Extracted entries section start

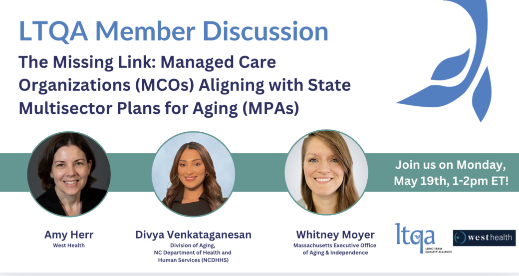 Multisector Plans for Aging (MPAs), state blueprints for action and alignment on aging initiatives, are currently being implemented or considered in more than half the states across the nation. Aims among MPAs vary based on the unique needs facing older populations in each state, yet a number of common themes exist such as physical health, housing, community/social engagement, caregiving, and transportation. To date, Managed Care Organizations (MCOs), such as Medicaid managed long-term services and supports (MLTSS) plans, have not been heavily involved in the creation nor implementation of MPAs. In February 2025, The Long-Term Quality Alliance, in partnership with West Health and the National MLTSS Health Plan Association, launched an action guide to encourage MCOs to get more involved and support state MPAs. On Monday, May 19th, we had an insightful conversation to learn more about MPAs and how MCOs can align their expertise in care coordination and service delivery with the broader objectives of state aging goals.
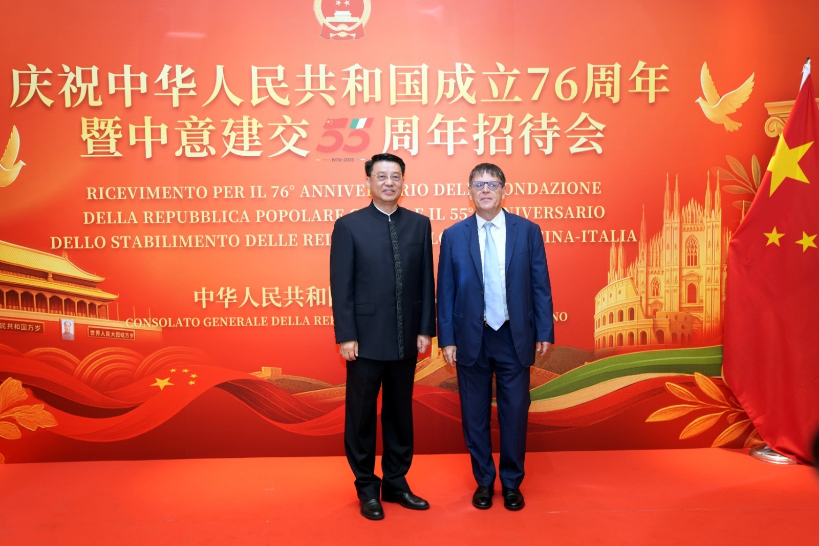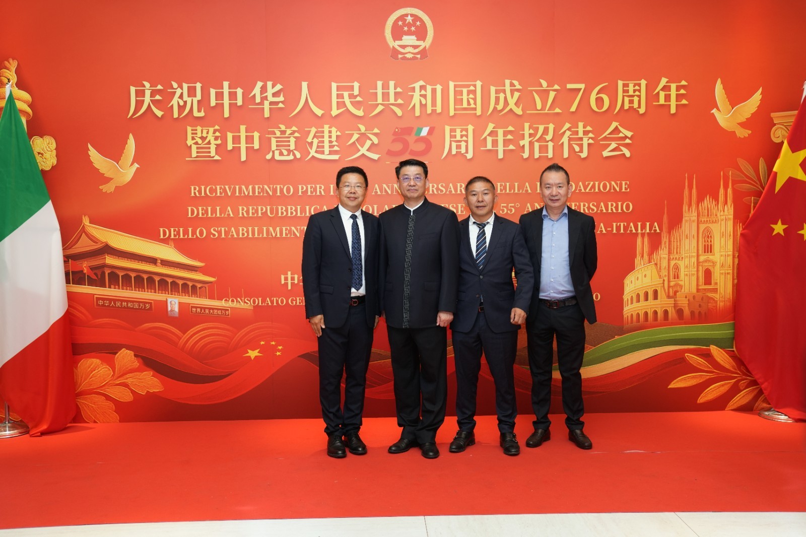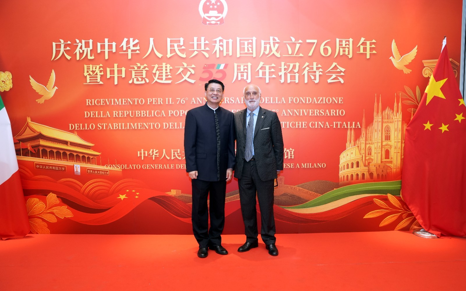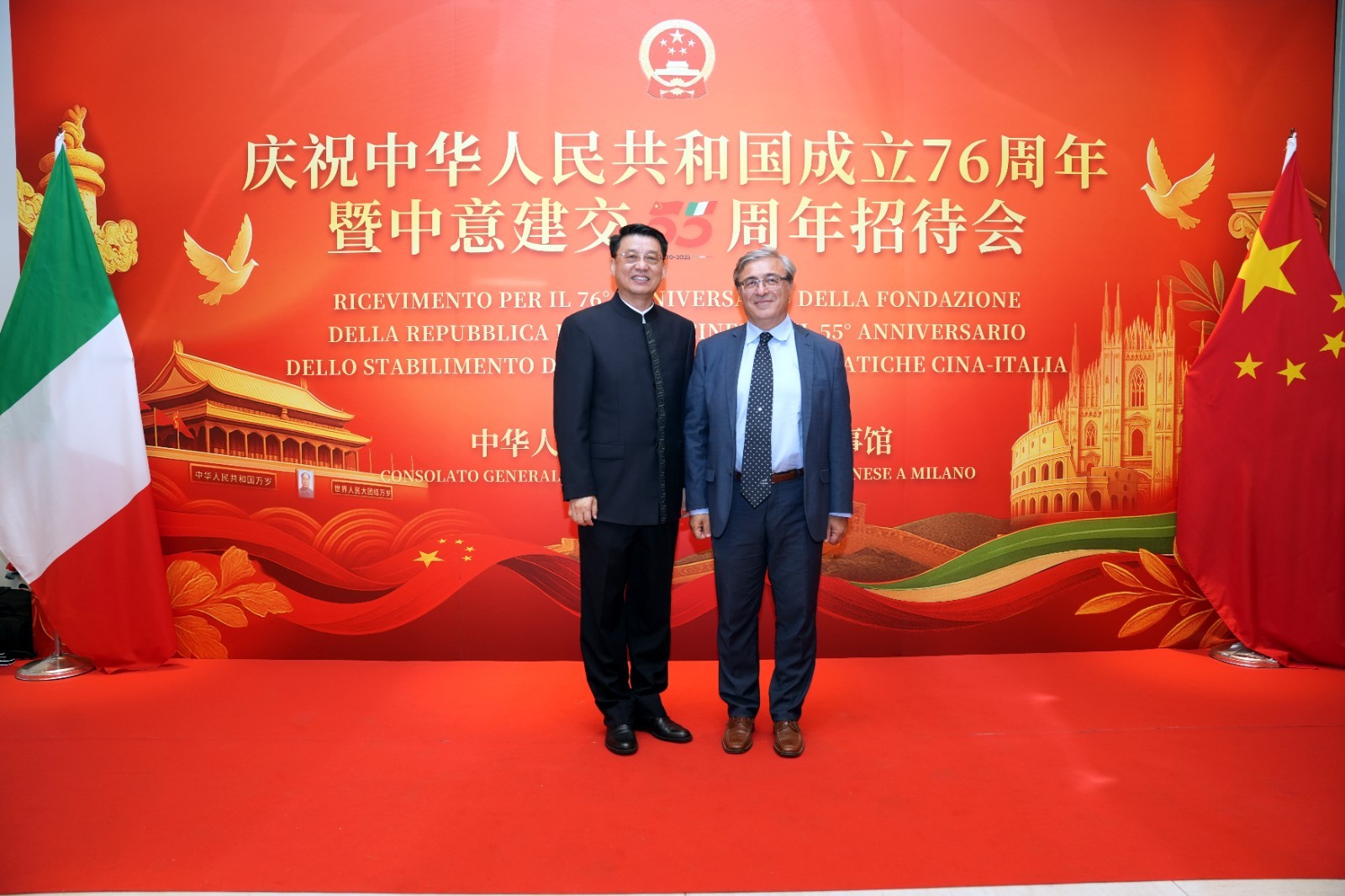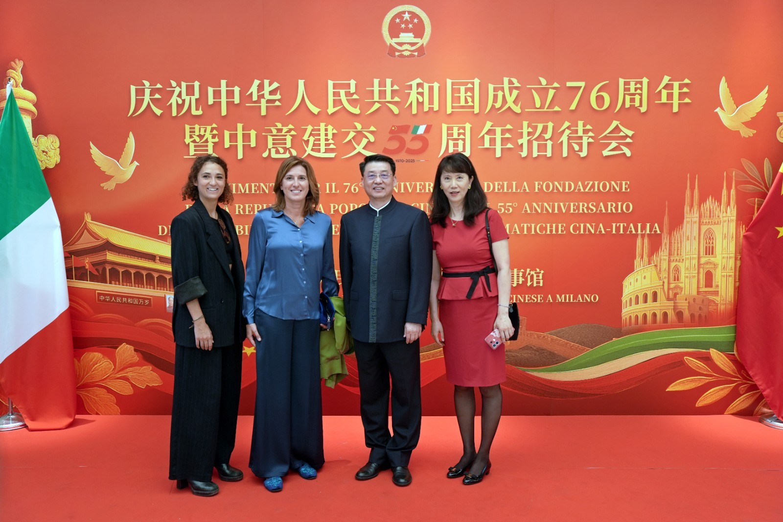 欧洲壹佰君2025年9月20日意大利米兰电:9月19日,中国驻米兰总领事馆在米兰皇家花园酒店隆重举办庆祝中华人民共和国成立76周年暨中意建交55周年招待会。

Extracted entries section end
Extracted entries section start

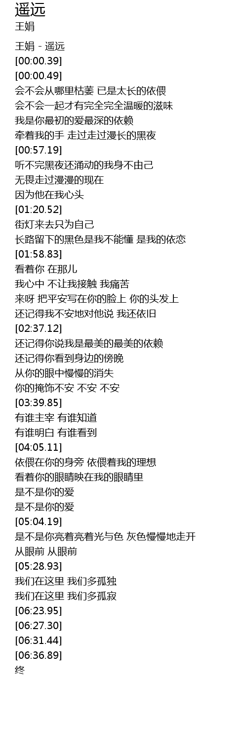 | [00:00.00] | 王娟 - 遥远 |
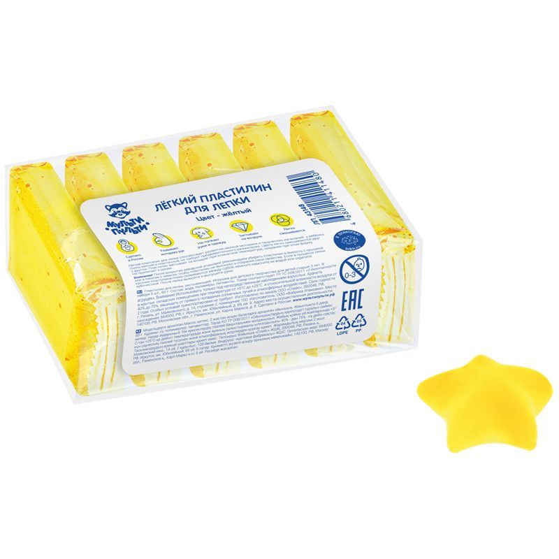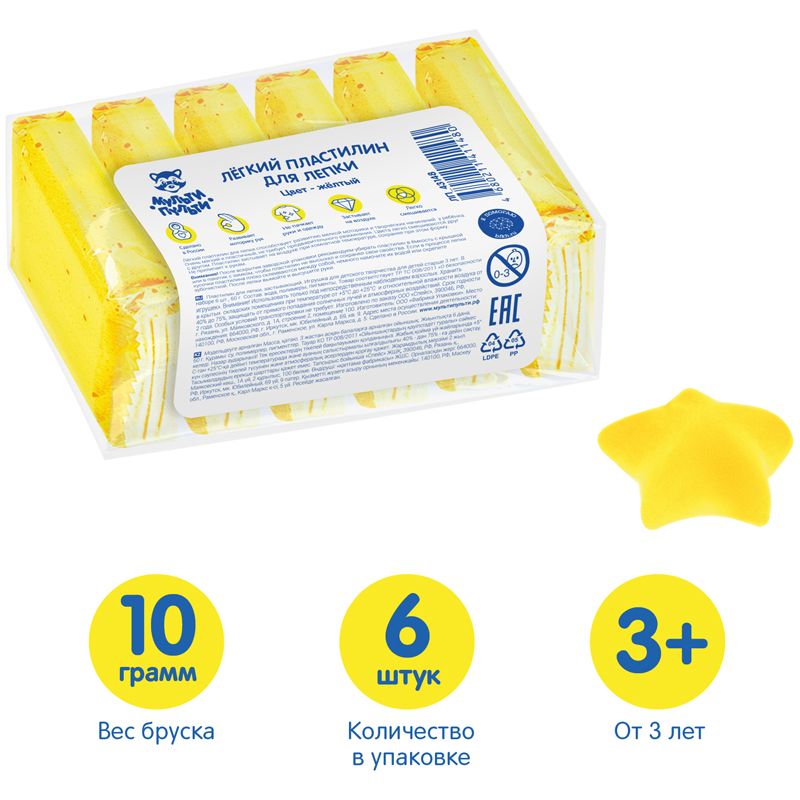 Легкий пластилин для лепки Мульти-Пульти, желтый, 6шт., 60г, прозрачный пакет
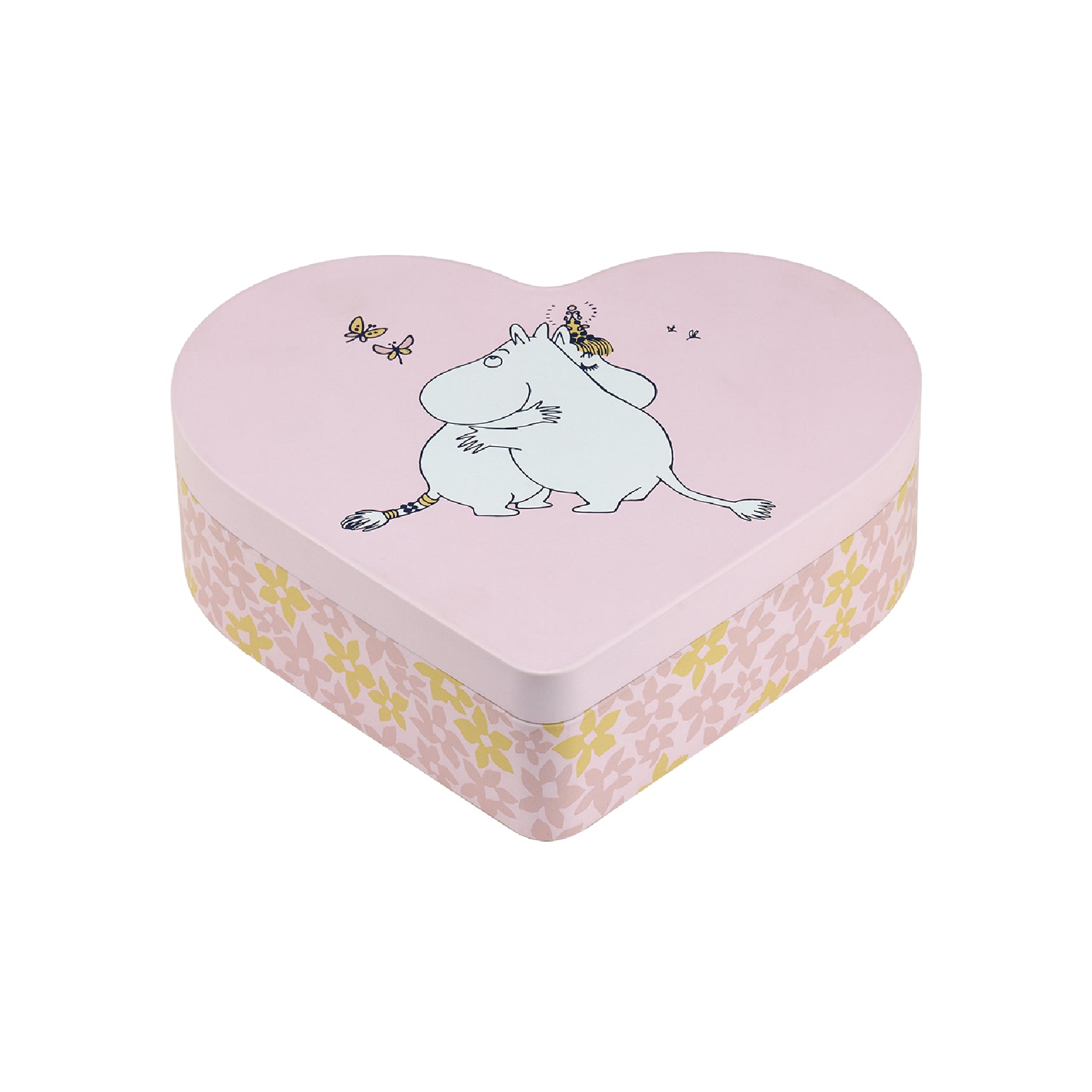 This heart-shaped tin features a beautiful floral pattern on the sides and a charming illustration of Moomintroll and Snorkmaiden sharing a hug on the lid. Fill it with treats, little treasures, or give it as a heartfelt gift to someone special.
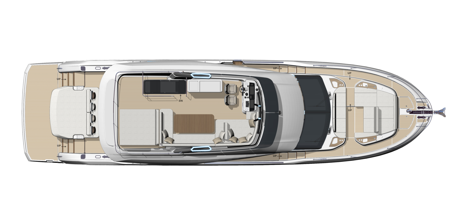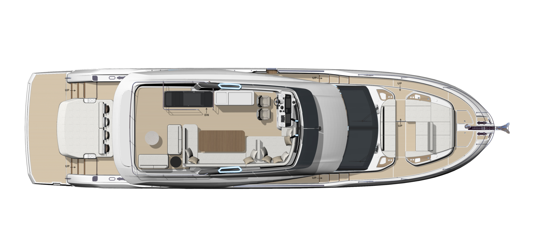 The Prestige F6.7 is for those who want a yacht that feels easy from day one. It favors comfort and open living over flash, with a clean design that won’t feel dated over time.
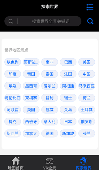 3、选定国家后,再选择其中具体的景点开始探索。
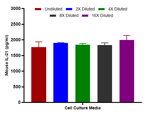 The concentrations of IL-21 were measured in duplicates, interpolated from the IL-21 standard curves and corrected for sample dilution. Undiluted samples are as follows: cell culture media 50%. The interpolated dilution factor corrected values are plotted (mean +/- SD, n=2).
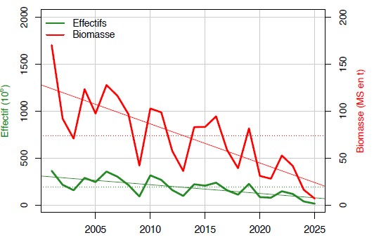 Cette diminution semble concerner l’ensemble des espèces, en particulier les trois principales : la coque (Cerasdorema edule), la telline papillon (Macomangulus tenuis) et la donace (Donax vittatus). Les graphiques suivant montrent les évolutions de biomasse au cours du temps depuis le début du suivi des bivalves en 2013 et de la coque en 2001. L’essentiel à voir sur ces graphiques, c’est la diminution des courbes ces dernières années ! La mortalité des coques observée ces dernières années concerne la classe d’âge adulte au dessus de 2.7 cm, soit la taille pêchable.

Extracted entries section end

■ Your objective ■
In the listing above, find the line containing "The Prestige F6.7". Output it and every line after it up to and including the line containing "3、选定国家后,再选择其中具体的景点开始探索。", exactly, but skip the pictures.

■ Written response ■
 The Prestige F6.7 is for those who want a yacht that feels easy from day one. It favors comfort and open living over flash, with a clean design that won’t feel dated over time.
 3、选定国家后,再选择其中具体的景点开始探索。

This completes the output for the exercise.